▶ [TASK REQUIREMENTS]: Retype all entries exactly as they stand, excluding pictures.

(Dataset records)
______

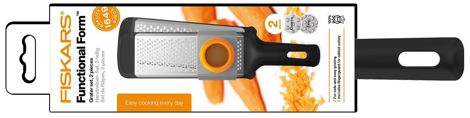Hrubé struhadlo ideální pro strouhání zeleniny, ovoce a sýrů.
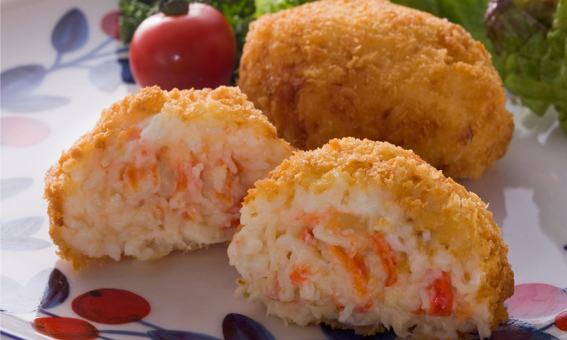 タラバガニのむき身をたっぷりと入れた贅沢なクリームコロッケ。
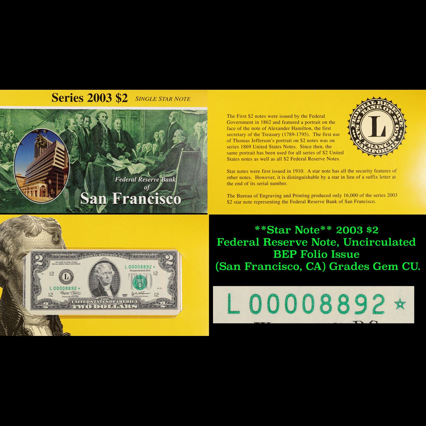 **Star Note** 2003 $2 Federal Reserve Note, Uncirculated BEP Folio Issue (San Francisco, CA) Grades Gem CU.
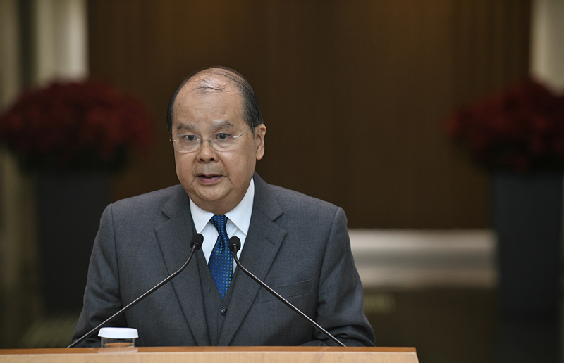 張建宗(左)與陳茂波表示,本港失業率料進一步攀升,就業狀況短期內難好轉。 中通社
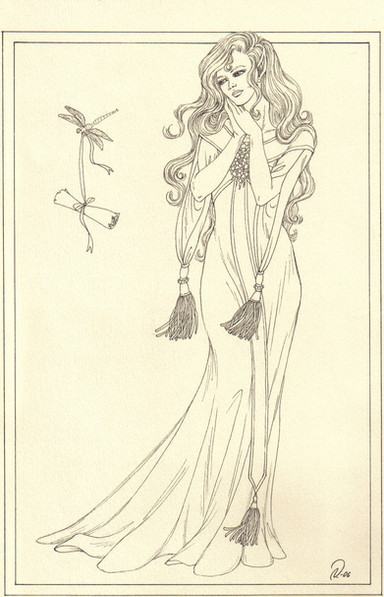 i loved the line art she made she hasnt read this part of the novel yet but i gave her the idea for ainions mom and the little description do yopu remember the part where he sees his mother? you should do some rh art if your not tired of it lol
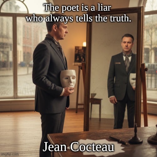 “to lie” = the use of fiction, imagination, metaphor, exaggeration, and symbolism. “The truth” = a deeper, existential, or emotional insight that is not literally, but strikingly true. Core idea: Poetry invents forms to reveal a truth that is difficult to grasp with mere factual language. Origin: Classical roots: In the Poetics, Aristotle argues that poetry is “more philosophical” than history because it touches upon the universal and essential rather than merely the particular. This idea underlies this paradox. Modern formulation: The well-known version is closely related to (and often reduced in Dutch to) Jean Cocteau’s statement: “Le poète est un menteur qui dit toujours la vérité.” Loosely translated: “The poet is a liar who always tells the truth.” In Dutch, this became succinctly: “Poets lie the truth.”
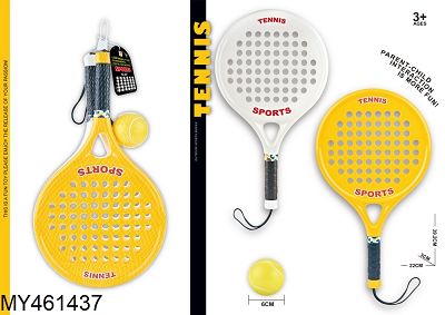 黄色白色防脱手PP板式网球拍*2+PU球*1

______

▶ [RESULT FOR THIS EXERCISE]:
Hrubé struhadlo ideální pro strouhání zeleniny, ovoce a sýrů.
 タラバガニのむき身をたっぷりと入れた贅沢なクリームコロッケ。
 **Star Note** 2003 $2 Federal Reserve Note, Uncirculated BEP Folio Issue (San Francisco, CA) Grades Gem CU.
 張建宗(左)與陳茂波表示,本港失業率料進一步攀升,就業狀況短期內難好轉。 中通社
 i loved the line art she made she hasnt read this part of the novel yet but i gave her the idea for ainions mom and the little description do yopu remember the part where he sees his mother? you should do some rh art if your not tired of it lol
 “to lie” = the use of fiction, imagination, metaphor, exaggeration, and symbolism. “The truth” = a deeper, existential, or emotional insight that is not literally, but strikingly true. Core idea: Poetry invents forms to reveal a truth that is difficult to grasp with mere factual language. Origin: Classical roots: In the Poetics, Aristotle argues that poetry is “more philosophical” than history because it touches upon the universal and essential rather than merely the particular. This idea underlies this paradox. Modern formulation: The well-known version is closely related to (and often reduced in Dutch to) Jean Cocteau’s statement: “Le poète est un menteur qui dit toujours la vérité.” Loosely translated: “The poet is a liar who always tells the truth.” In Dutch, this became succinctly: “Poets lie the truth.”
 黄色白色防脱手PP板式网球拍*2+PU球*1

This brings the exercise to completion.